Louise Hémon’s hypnotic and sumptuous “The Girl in the Snow” uses the arrival of French teacher Aimée Lazare (Galatéa Bellugi) in 1899 to critique the customs, homophobia, and female sexual repression of a small snowbound Hautes-Alpes village. A lowlander, Aimée has arrived in this mountainous setting with nary any knowledge about their local beliefs. When she attempts to teach the children what a cow sounds like, they correct her by telling her a cow makes a “broo broo” call rather than a “moo” sound. When she attempts to give two of her students a bath, the elderly women scold her: in their minds the kids need crust on their heads to protect their brains. Worst yet for this very horny protagonist, she becomes attracted to the local men—Pépin (Samuel Kircher) and Enoch (Matthieu Lucci)—while ignoring the infatuation displayed by the quiet stableboy Daniel (Oscar Pons).
With a prickly folkloric score, “The Girl in the Snow” becomes a supernatural tale that proposes a woman’s sensuality as a kind of malevolent spirit. Homosexuality is similarly pitched as a desire that must be hidden away, often in caves, lest they upset the “natural” balance of the village. The more these appetites are hidden, of course, the greater angst and trouble they inspire within this tiny hamlet that believes the mountain gives gifts and takes away people. Despite that tension, it would be a mistake to think Hémon’s film considers these modest folks smallminded. When Aimée writes down one of their oral stories, in French no less—the locals speak Occitan—the elders are incensed. Not only does Aimée not see how she’s erasing their language, thereby, locking this amorphous tradition in a kind of colonized state. She also laments that all she wants to do is bring enlightenment to them.

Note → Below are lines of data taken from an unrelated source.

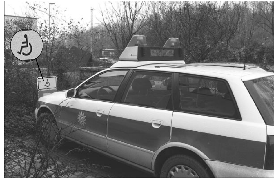
Die Polizei, mein Freund und Helfer! Nur mit manchen Verkehrszeichen haben die grünen Männkens noch ihre liebe Not. Da muß ich wohl jemand anderen um Rat bitten...

Was ich will? Ich sag' Euch, was ich will: Blut, Tränen, Schweiß und Freiheit.
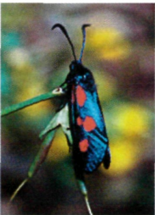
Abb. 1: Das Vorkommen des Sumpfhornklee-Widderchens ( Zygaena trifolii ) ist österreichweit auf wenige Fundstellen im nördlichen Vorarlberg beschränkt

Bizau, im oberen Feld, 680m, 16.6.2002, leg. U. Aistleitner (1 Stk.).
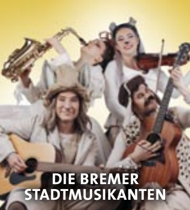
DIE BREMER STADTMUSIKANTEN
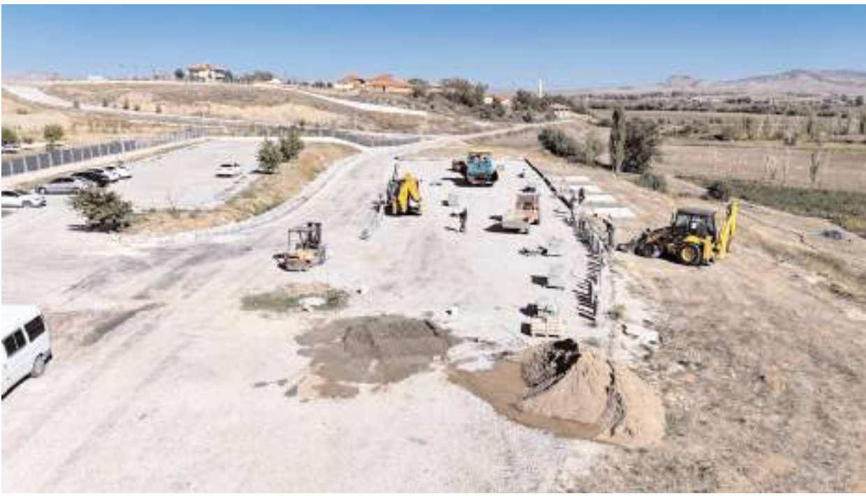
Sungurlu'da Çiftlik Mahallesi'nde devam eden sıcak asfalt çalışmaları tamamlandı.
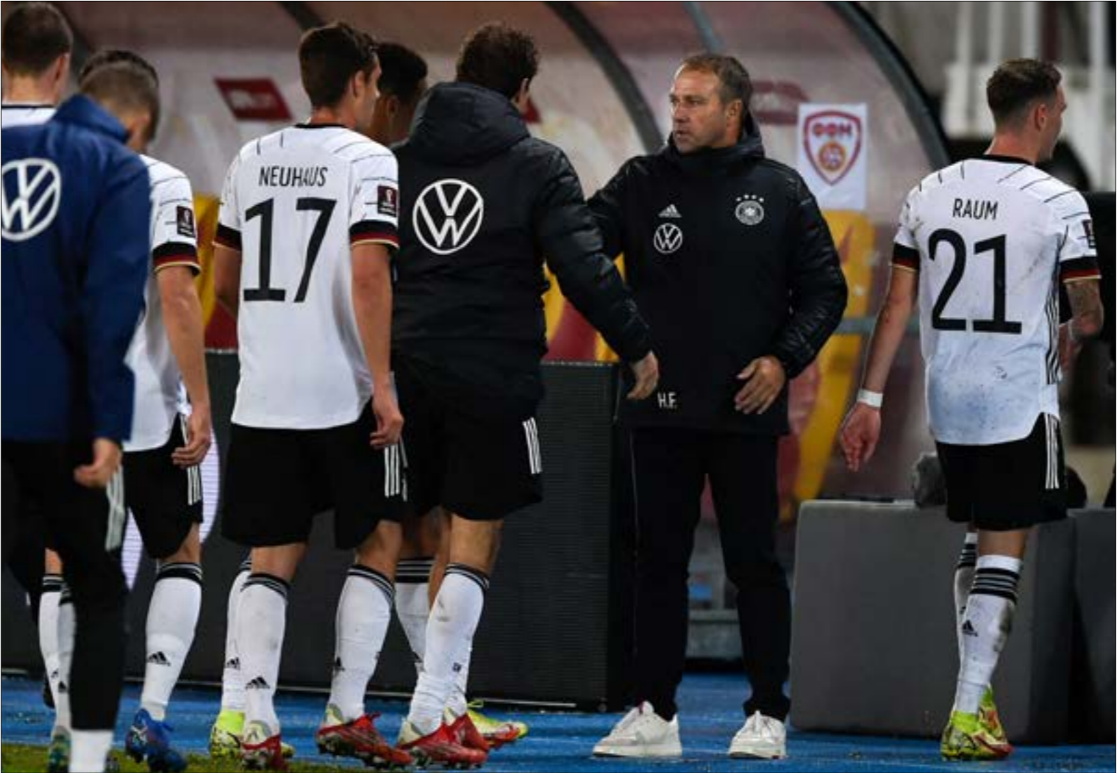
كان المنتخب الألماني أول المتاهلت إلى مونديال قطر عبر التصفيات

غوارديولا، ماوريسيو بوكيتينو مدرب بايريس سان جيرمان، مدرب تشيلسي توماس توخيل... نظراً لإشراف هؤلاء المدربين على اللاعبين الألمان الموجودين خارج
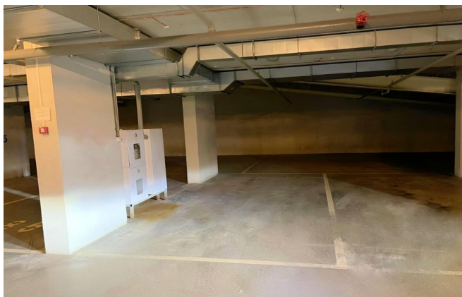
Закрытый паркинг. Вид изнутри.
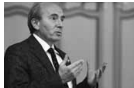
Jürg Stüssi transmet les meilleurs messages du conseiller fédéral Samuel Schmid
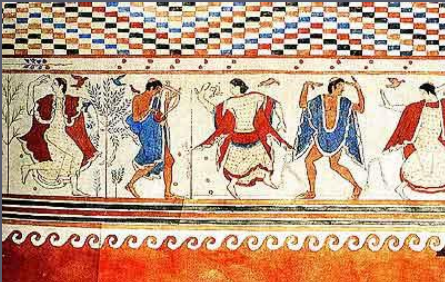
Этруски. Тарквиния. Томба делла Триклинио. (Steingraber 2000, p.15)

. Далее на север предпочитали строить наземные погребальные усыпальницы, в Тарквинии – в прибрежной зоне – широко известны богатые могильные склепы с расписанными стенами , на которых изображались сцены охоты , спортивные состязания или фестивали, по которым можно судить о жизнерадостном характере этрусков.
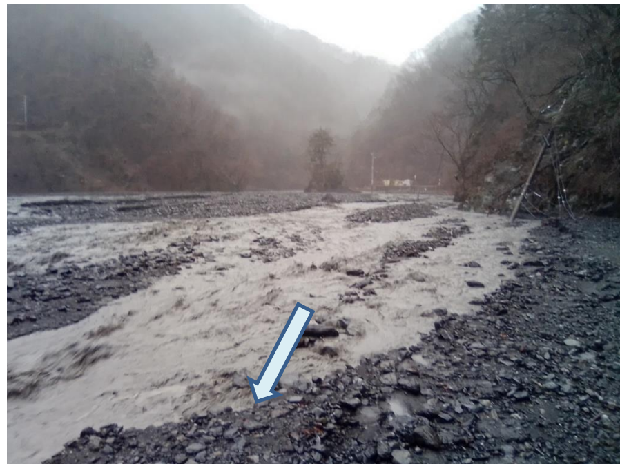
下流側より工事用道被災箇所を望む

稲又第三砂防堰堤の改築工事を行うための仮排水路を造る工事です。 現在、流失した工事用道路復旧作業中。
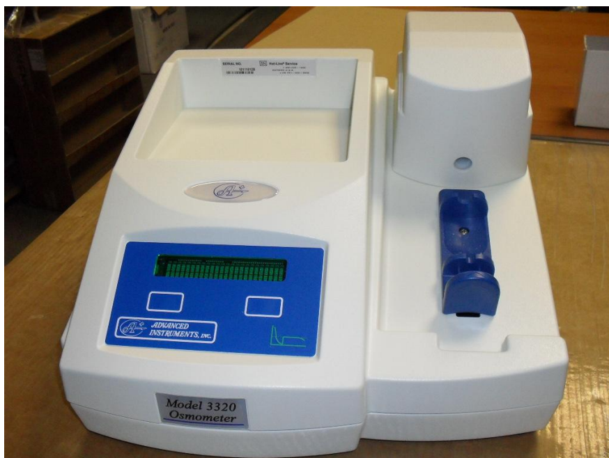
Рисунок 2 – Общий вид осмометра модели 3320
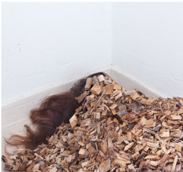
Eva Grau. El pésame no exime del cargo , 2012
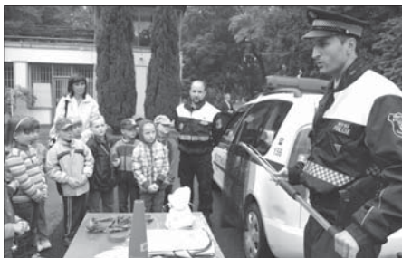
Strážníci městské policie dětem kromě jiného ukázali i pomůcky používané při odchytu zatoulaných zvířat.

Jak správně přecházet silnici při cestě do školy a z ní se na začátku září učily na dopravním hřišti zhruba tři stovky žáků prvních tříd litoměřických základních škol. Bezpečnostní akci pro ně organizovaly Dům dětí a mládeže Rozmarýn, Zdravé město Litoměřice, městská policie a Policie ČR. Pomohly i studentky střední pedagogické školy, které dětem vysvětlovaly, co mají dělat, naleznou-li třeba injekční stříkačku, krabičku s léky, případně další rizikové předměty.
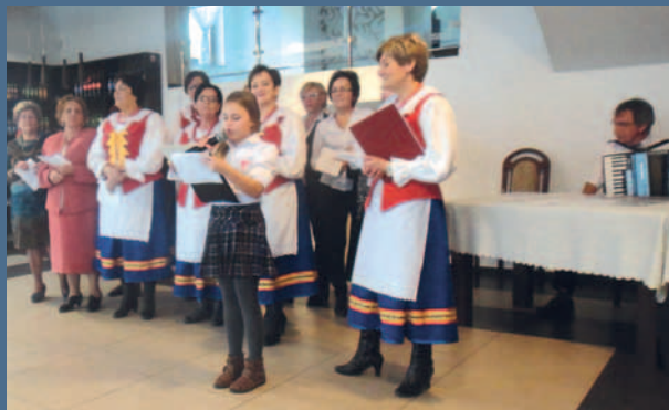
Członkinie Koła Gospodyń Wiejskich zadbały o część artystyczną.
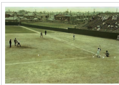
昭和59年5月26日 横浜高校招待試合・始球式
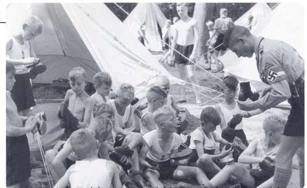
HJ im Ferien-Zeltlager Espohl bei Lemförde zwischen 1933 und 1943, Bild: Unbekannter Fotograf, veröffentlicht von Meinhard Fenske, aus Hosenmatz und Schürzenliese : Kindheitsporträts aus den 30er Jahren in Ostwestfalen-Lippe, Gemeinfrei, https://t1p.de/py7j
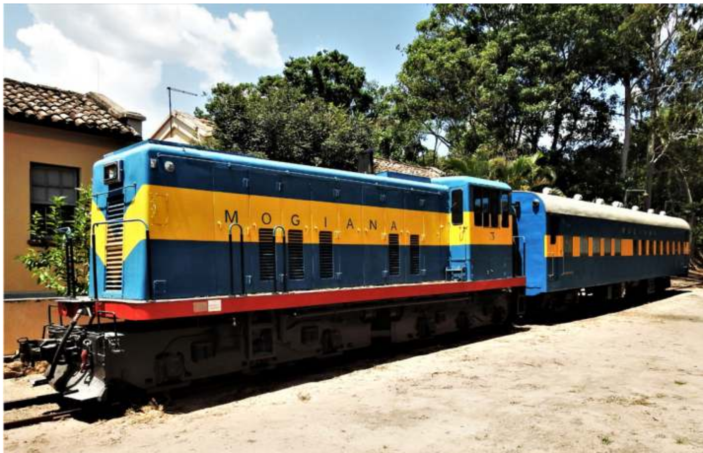
♦ Composição Mogiana sendo preparada.
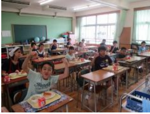
5年生の給食の様子です。
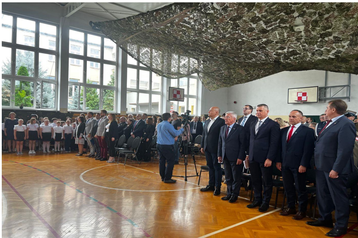
Uroczystość nadania Publicznej Szkole Podstawowej w Gniewoszowie im. Lotników Ziemi Gniewoszowskiej – 24.09.2023 r.
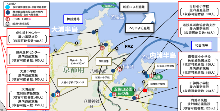
<(PAZの例) 半島地域が孤立した場合の対応(内浦半島、大浦半島)>
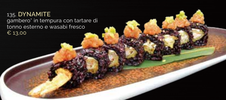
135. DYNAMITE gambero* in tempura con tartare di tonno esterno e wasabi fresco € 13,00
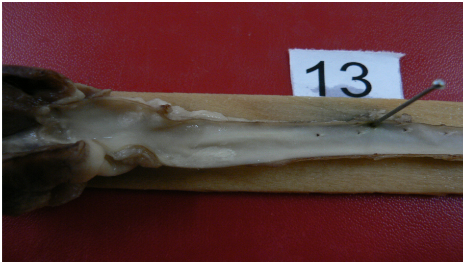
شکل ۱- ضایعات عروقی قوس آئورت و آئورت توراسیک (گروه هیپرکلسترولمیک)
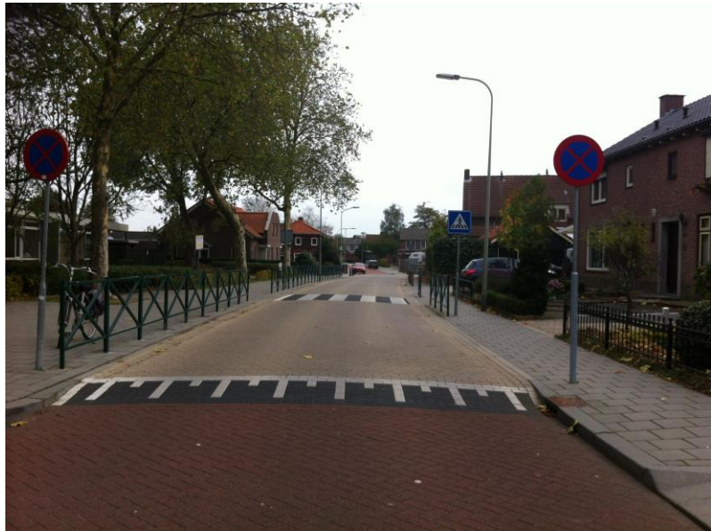
Aanzicht vanaf Pica Mare.

Dit bord staat bij onze school.( Zie foto's)

With that want in mind, Hémon displays an enrapturing visual eye. The snowy, hilly landscape allows the director and her DP Marine Atlan to rely on negative space to visualize how separated Aimée is from the spirit of the land she resides on and the ideas of the people who inhabit it. While the director and DP’s chiaroscuro shadows often recall the Dutch masters, their hallucinatory staging, which combines airy lighting with a kind of rural claustrophobia, deepens the haunting residue the film leaves. The effect is a startling directorial debut whose sense of place and mood become as timeless as a folktale.